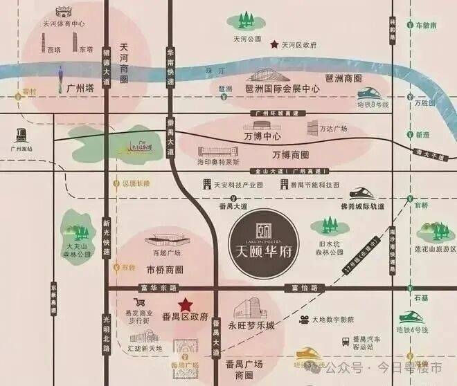 ① 地处番禺广场板块,四地铁交汇的广州枢纽级交通中心(3 号线、18 号线、22 号线、17 号线)
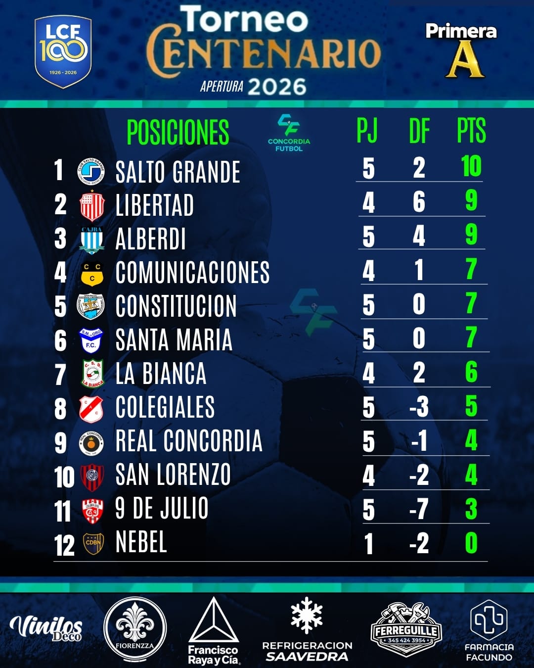 Con estos resultados, la tabla comienza a acomodarse. Salto Grande lidera con 10 puntos, seguido de cerca por Libertad con 9 y un encuentro pendiente. Más atrás aparece Comunicaciones con 7 unidades, también con un partido menos, dentro de un grupo que se mantiene apretado en la zona media-alta.
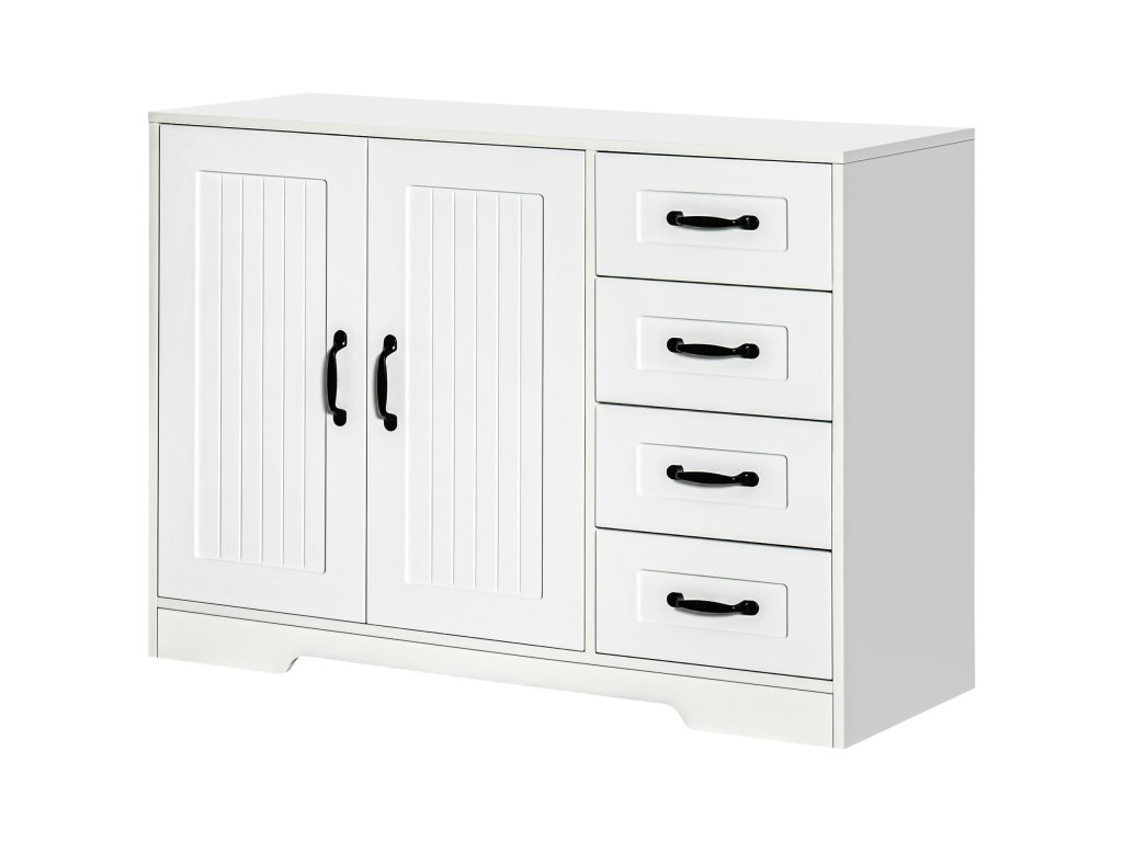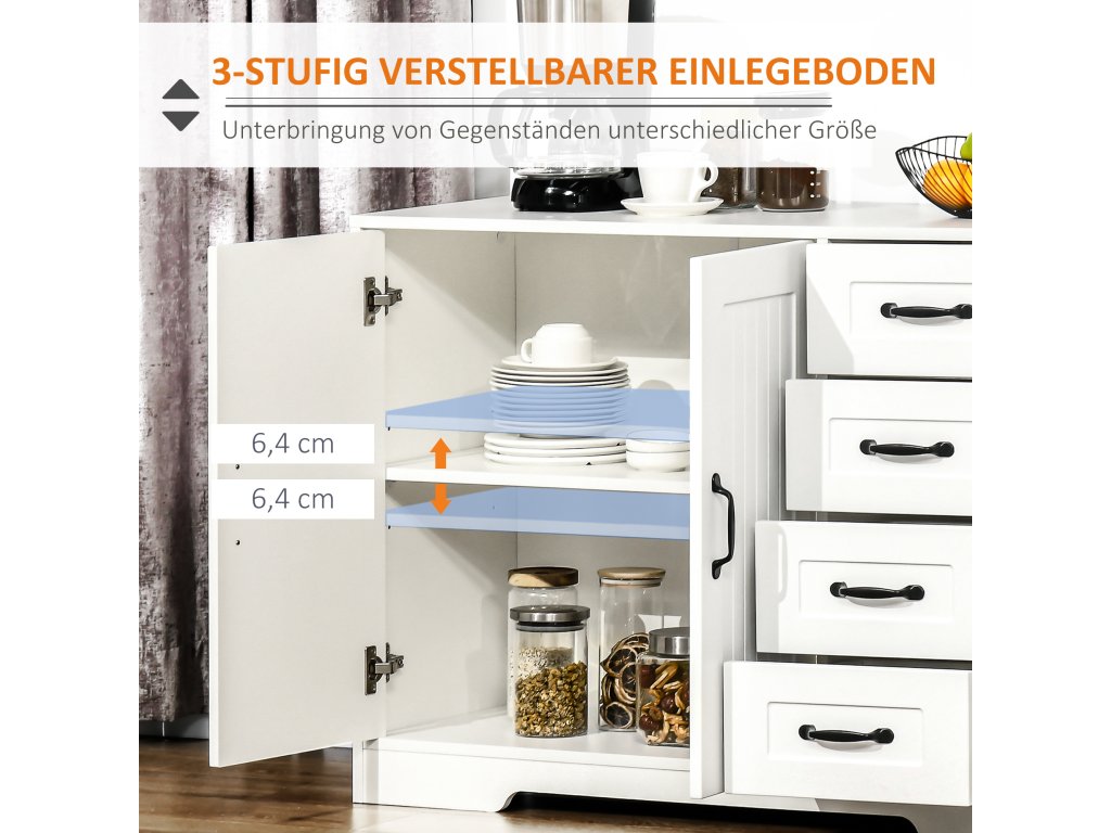 HOMCOM Příborník Bílá boční skříňka se 4 zásuvkami, nastavitelnou policí a ochranou proti překlopení do kuchyně a obývacího pokoje | Aosom.de
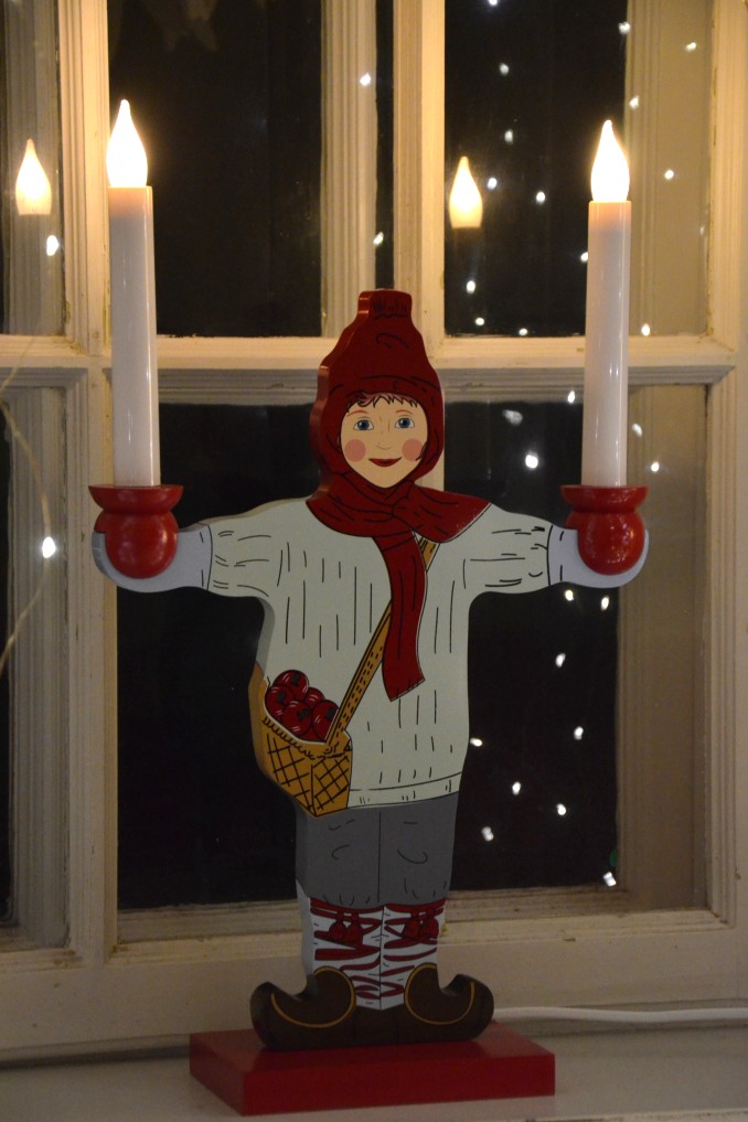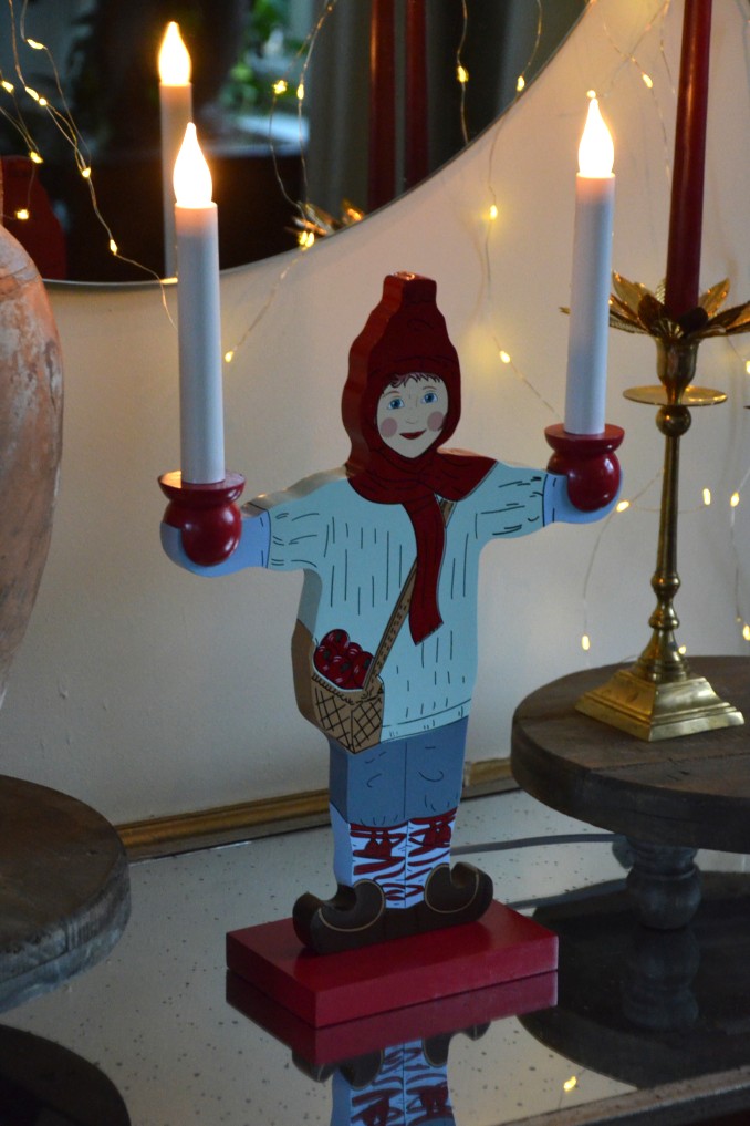 Dekorativ adventsljusstake i trä som i stil och design är inspirerad av Carl Larsson.
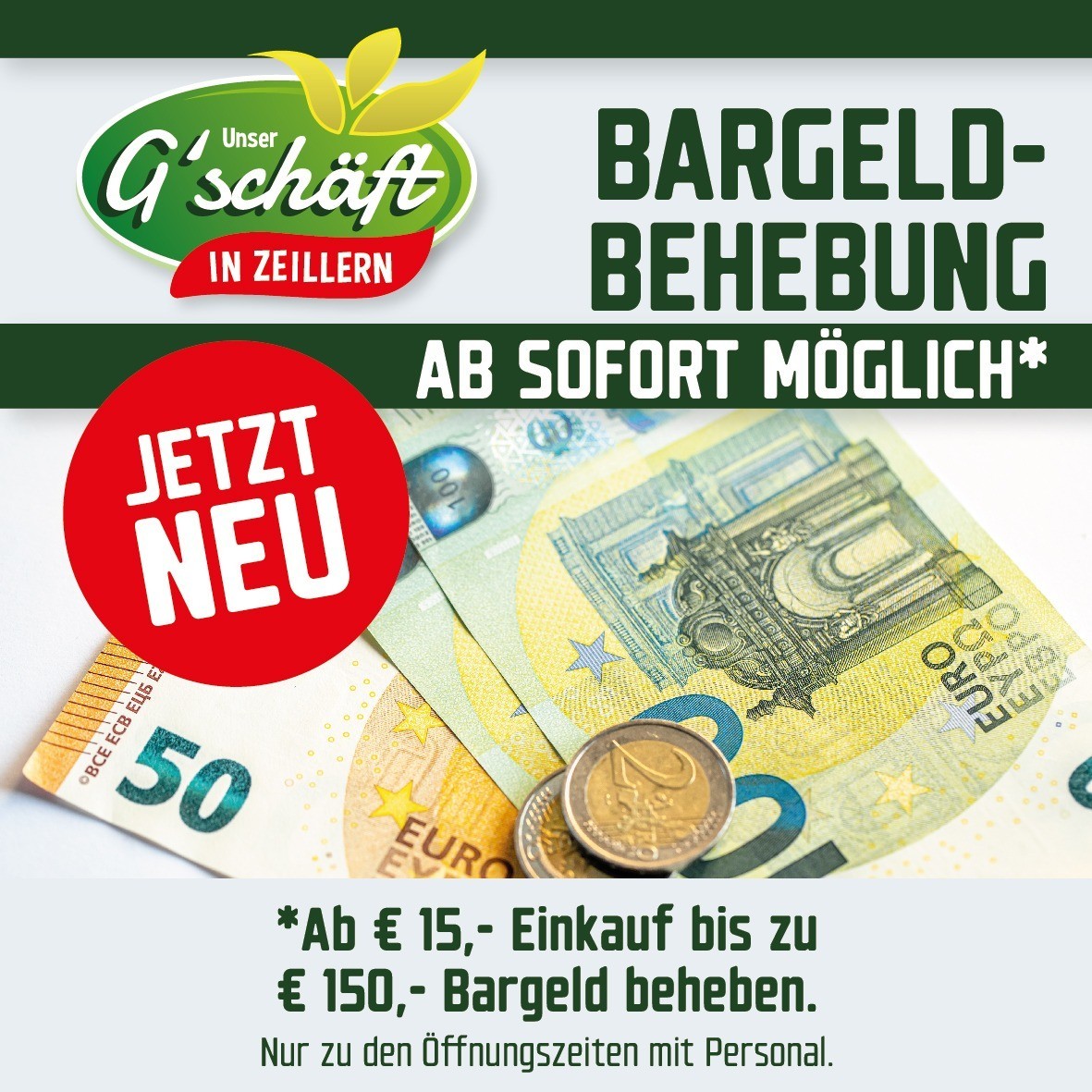 Neu bei uns: Bargeldbehebung direkt im Geschäft!
────────────────────
▸ **WHAT NEEDS TO BE DONE**:
Return verbatim every line from the one holding "Con estos resultados, la" to the end of the records above. Do not copy the pictures.

▸ **ANSWER TO THIS EXERCISE**:
 Con estos resultados, la tabla comienza a acomodarse. Salto Grande lidera con 10 puntos, seguido de cerca por Libertad con 9 y un encuentro pendiente. Más atrás aparece Comunicaciones con 7 unidades, también con un partido menos, dentro de un grupo que se mantiene apretado en la zona media-alta.
 HOMCOM Příborník Bílá boční skříňka se 4 zásuvkami, nastavitelnou policí a ochranou proti překlopení do kuchyně a obývacího pokoje | Aosom.de
 Dekorativ adventsljusstake i trä som i stil och design är inspirerad av Carl Larsson.
 Neu bei uns: Bargeldbehebung direkt im Geschäft!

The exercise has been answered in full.